If the arithmetic mean of two numbers is 15 and their geometric mean is 9 find the two numbers
(a+b)/2 = 15
√(ab) = 9
so,
ab = 81
The only factors of 81 are (1,81),(3,27),(9,9)
Clearly the only possible candidates are 3 and 27, which you can easily verify.
If you want to do the algebra, you have
a+b = 30
a^2+2ab+b^2 = 900
a^2 + 2*81 + (81/a)^2 = 900
a^2 + 6561/a^2 = 738
a^4-738a^2+6561 = 0
(a^2-9)(a^2-729) = 0
a = 3 or 27
To find the two numbers, let's assume the numbers are x and y.
We are given two pieces of information:
1. The arithmetic mean of the two numbers is 15.

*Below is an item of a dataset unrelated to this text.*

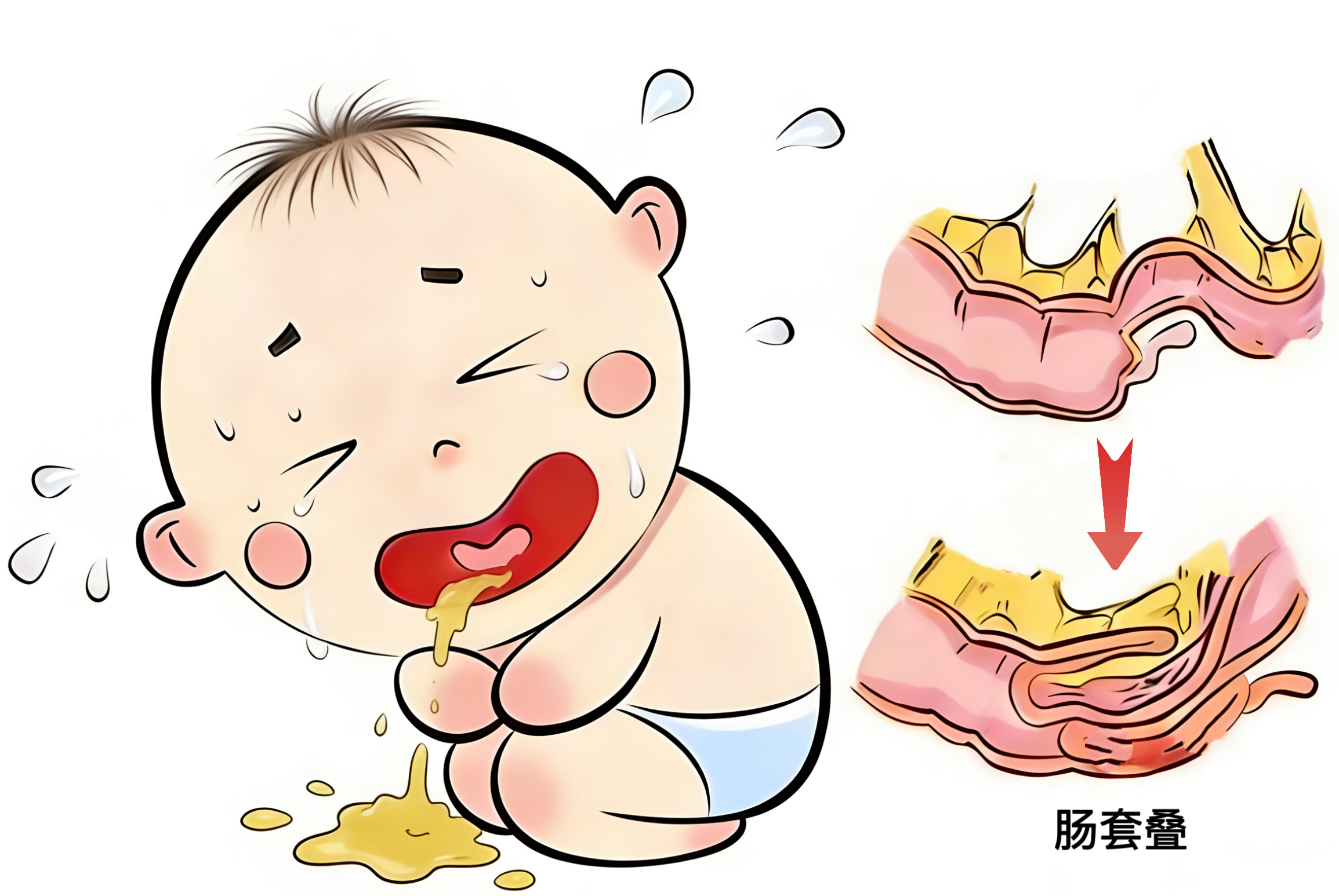 黄召副主任医师介绍,肠套叠是婴幼儿期最常见的急腹症之一,简单说就是一段肠管像“套袖”一样,套进了相邻的肠管里,起病急,早期识别是救命的关键。肠套叠典型的症状是腹痛、呕吐、血便以及腹部包块,对于家长来说,如果宝宝出现突然的、一阵一阵的哭闹或腹痛,身体蜷缩或腿部抬高,通常安抚后也不能缓解,尤其是伴有频繁呕吐或者血便时,就应该警惕肠套叠的发生了,需及时带宝宝就医。空气灌肠复位是目前治疗肠套叠的首选方法,通过肛门注入气体,利用气压将套叠的肠管复位,复位成功率高。对于复位失败,肠套叠时间过长,考虑肠道已缺血坏死,或宝宝出现肠穿孔、腹膜炎等严重并发症,那只能手术治疗。

The arithmetic mean is the sum of the two numbers divided by 2.
So, we can write the equation: (x + y) / 2 = 15.
2. The geometric mean of the two numbers is 9.
The geometric mean is the square root of the product of the two numbers.
So, we can write the equation: √(xy) = 9.
Let's solve these equations simultaneously to find the values of x and y.
First, let's manipulate the arithmetic mean equation to get rid of the fraction:
x + y = 30.
Now, let's square both sides of the geometric mean equation:
(√(xy))^2 = 9^2,
xy = 81.
Now, we have a system of equations:
x + y = 30,
xy = 81.
We can use substitution or elimination method to solve these equations.
Let's use substitution method:
From the first equation, we can write y = 30 - x.
Substituting this value of y in the second equation:
x(30 - x) = 81.
Expanding and rearranging the equation:
30x - x^2 = 81,
x^2 - 30x + 81 = 0.
Now, we can solve this quadratic equation to find the values of x.
Using factoring or quadratic formula, we get:
(x - 9)(x - 9) = 0.
So, x = 9.
Now, substituting the value of x in the first equation:
9 + y = 30,
y = 30 -9,
y = 21.
Therefore, the two numbers are 9 and 21.